Nicholas had been told that Okami possessed
koryoku,
the Illuminating Power. It was said among the ancients who practiced Tau-tau centuries ago that
koryoku
was the sole path to Shuken, the Dominion, where the two halves of Tau-tau could be united into a working whole. But others insisted that Shuken was merely a myth, that Akshara and Kshira were never meant to meld into a whole.

Nicholas fervently believed in Shuken. He needed to. Otherwise Kshira, the soul destroyer, would eventually take him over and drive him mad as it had Kansatsu.

Abruptly, he felt the jellied sky covering his limbs, heard the chittering of ten million voices speaking in unknown tongues directly at the center of his mind. It was as it had been this afternoon. It was Kshira, and it was too much. It –

‘No,’ Okami said sharply, ‘do not pull away from Kshira. You will only draw the dark patterns closer to you, and once they attach themselves to your conscious mind they cannot be severed.’

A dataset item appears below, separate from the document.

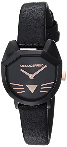Karl Lagerfeld Women's Camille Quartz Stainless Steel and Leather Casual Watch, Color Black (Model: KL2621)
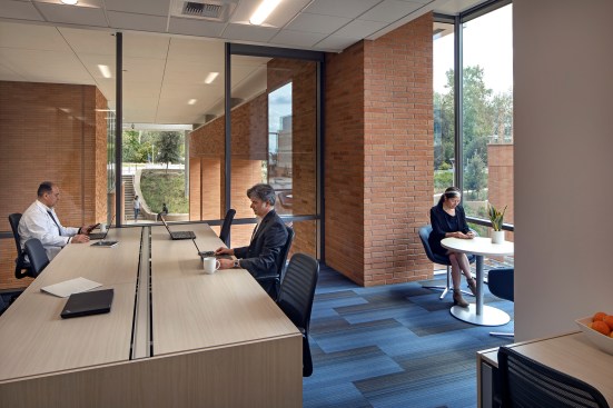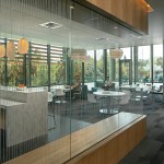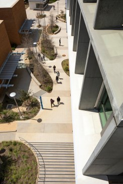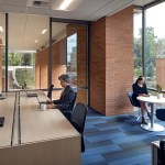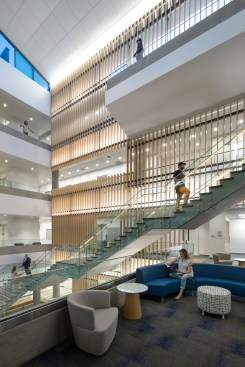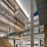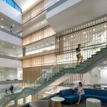 Fulfilling the vision of this building as a multidisciplinary space, the planning and design of the building centers around the gathering and interaction spaces. A variety of collaboration zones are placed strategically throughout the computational zone to promote travel, communication and scholarly activity. Key features, such as the write-up space located along the wet laboratories and casual gathering spaces, encourage collaboration and connection. Visual and physical connectivity in the four-story open atrium further invites socialization and connection between floors.

Deep within the trancelike state of Tau-tau, Nicholas was beyond time and space. He existed as a point of light in a void without dimension. All around him the cosmos breathed like a beast in the forest, but now instead of being encased in the armor of Akshara, he felt the unquiet darkness all around as the shards of Kshira swirled in the void. Once, they seemed almost harmless, distant clouds on a limitless horizon. But now they circled him so swiftly that at any given moment they blocked out increasing sections of the void, impairing his psychic vision. All too soon, he knew, they would link up, making a continuous band around him, cutting him off from chunks of Akshara until all he could see and feel would be their black weight, and then the madness would set in.